The design flourishes are all subtle, and the best bits incorporate the Lenovo logo. There’s an engraved Lenovo logo in the slightly raised webcam notch in the top of the display lid, for example, and Lenovo “flag” treatments on the wrist rest and outer display lid.


The Flex 5G can be had with exactly one display, a glossy Full HD (1920 x 1080) 14-inch multi-touch IPS panel with a 16:9 aspect ratio and 400-nits of brightness. I have no issues with this choice, and I appreciate the reasonably small bezels, especially on the left and right sides. But I could see some wishing for at least a 1440p option.

Internal components

The Lenovo Flex 5G is powered by the Qualcomm Snapdragon 8cx 5G compute platform, which consists of an 8cx system-on-a-chip (SoC), Qualcomm Adreno 680 graphics, and a Snapdragon X55 5G modem with both mmWave and Sub-6 GHz support. My understanding is that the 5G part of that is impressive, though I can’t get a 5G connection here in Pennsylvania. But the 8cx does not live up to Qualcomm’s claims of Intel Core i5-level performance. Not even close.

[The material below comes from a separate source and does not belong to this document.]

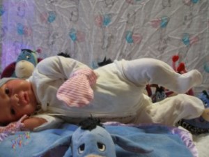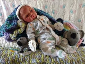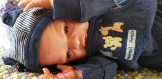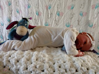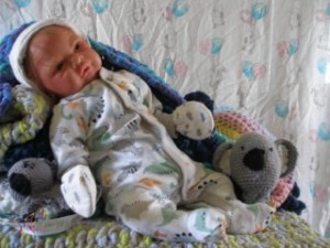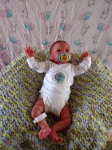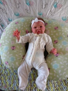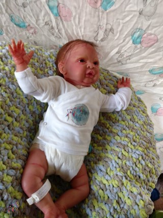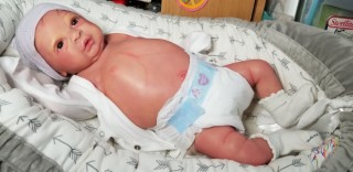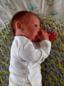 Easter Sunday is all about new beginnings. It’s not just about eggs and bunnies and flowers; it’s about birth, and RE-birth. Frankie was born Easter Sunday, April 17, 2022 @12:10pm weighing4lbs2.7oz. From his rooted reddish brown mohair to his tiny toes, Frankie has many high end additions that make him a steal at this price! He has gorgeous brown acrylic eyes, and is hand painted with many many layers of super transparent. There are layers of washes, texture and mottling that give his “skin” a depth like a rea baby. Don’t forget to support his little head! He has pads of silicone in his tummy and bottom to simulate the feel of a real baby’s fat, and I’ve used two types of polyfill, super soft and regular along with high quality #3 glass beads (no smaller than .75mm and no bigger than 1MM. Frankie just melts into your arms. Frankie does have a magnet behind his lips for a magnetic pacifier and on the top/side inside so if you want a girl Frankie, she can wear magnet hair accessories. If you don’t want magnets for whatever reason I will remove them prior to the baby going into her “travel bassinette (Priority Mail Box) to go home. I am still a beginning artists, so my dolls are not perfect. Because of that, I consider my babies to be Boo Boo Babies….. But while they may not be perfect, they going to be perfect for someone. NOTE: I painted a Chest/Belly plate wtih this doll. On the last varnish bake the inside of the plate cracked. While the painted side was mostly undamaged, the inside was badly cracked. I have used Vinyl Putty to fix the cracks. However, I can’t in good conscious sell the plate even repaired. However, if you purchase Frankie and want the belly plate I will include for no charge. Pictures of the belly/chest plate on Frankie are at the bottom of the gallery.

In a bit of bad timing for the Flex 5G, I’ve spent much of the past few weeks digging old PCs out of my cellar and getting them updated and wiped out so I can donate them to charity. It’s a motley collection of hardware spanning Windows Vista, 7, 8.x, and 10, and since some of the PCs are well over 10 years old, they are powered by very early generation Intel Core chipsets, including some Core 2 Duo and Core M options. And here’s the thing: Almost every single one of them performs better, in general use, than does the Flex 5G.

Wait for it …

This is a very real problem and, combined with the software compatibility issues as described below, it undermines any other advantages that this PC may have. Routine tasks like opening the Start menu, opening an Explorer window, or running a mainstream desktop application like Microsoft Word are often met with lengthy pauses, and far too many times I’ve had to wait while a non-responding app I just launched finally recovered and correctly drew itself on-screen. It’s even hung for several seconds while using Alt + Tab.

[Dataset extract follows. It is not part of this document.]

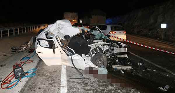 Kazada, otomobilin ön sağ koltuğunda oturan Turan Fidan (60) olay yerinde yaşamını yitirdi.

From a real-world usage perspective, it’s hard to know where the Flex 5G lines up compared to other modern PCs. But even Microsoft’s lowly Surface Go—at least in the “high-end” configuration I tested with a Core-m3 processor, 8 GB of RAM, and SSD storage—performs better. Those internals inside of the Flex 5G’s form factor would make for a better overall experience, I bet.

In the good news department, the Snapdragon chipset runs cool and thus requires only passive cooling. So there is no fan, heat, or noise. You can wait for the computer to catch up with you in silence at least.

Beyond the 8cx SoC, the Flex 5G comes with 8 GB of LPDDRX4 RAM and 256 GB of UFS storage. UFS is a disappointing compromise that sits somewhere between eMMC and real SSDs from a speed perspective, and its commonly used only in smartphones. It’s unclear how much this contributes the Flex 5G’s performance issues, but it can’t help.

The Flex 5G comes with two forms of Windows Hello authentication: Facial recognition courtesy of its otherwise lackluster 720p webcam and fingerprint recognition via a small but accurate fingerprint reader on the wrist rest.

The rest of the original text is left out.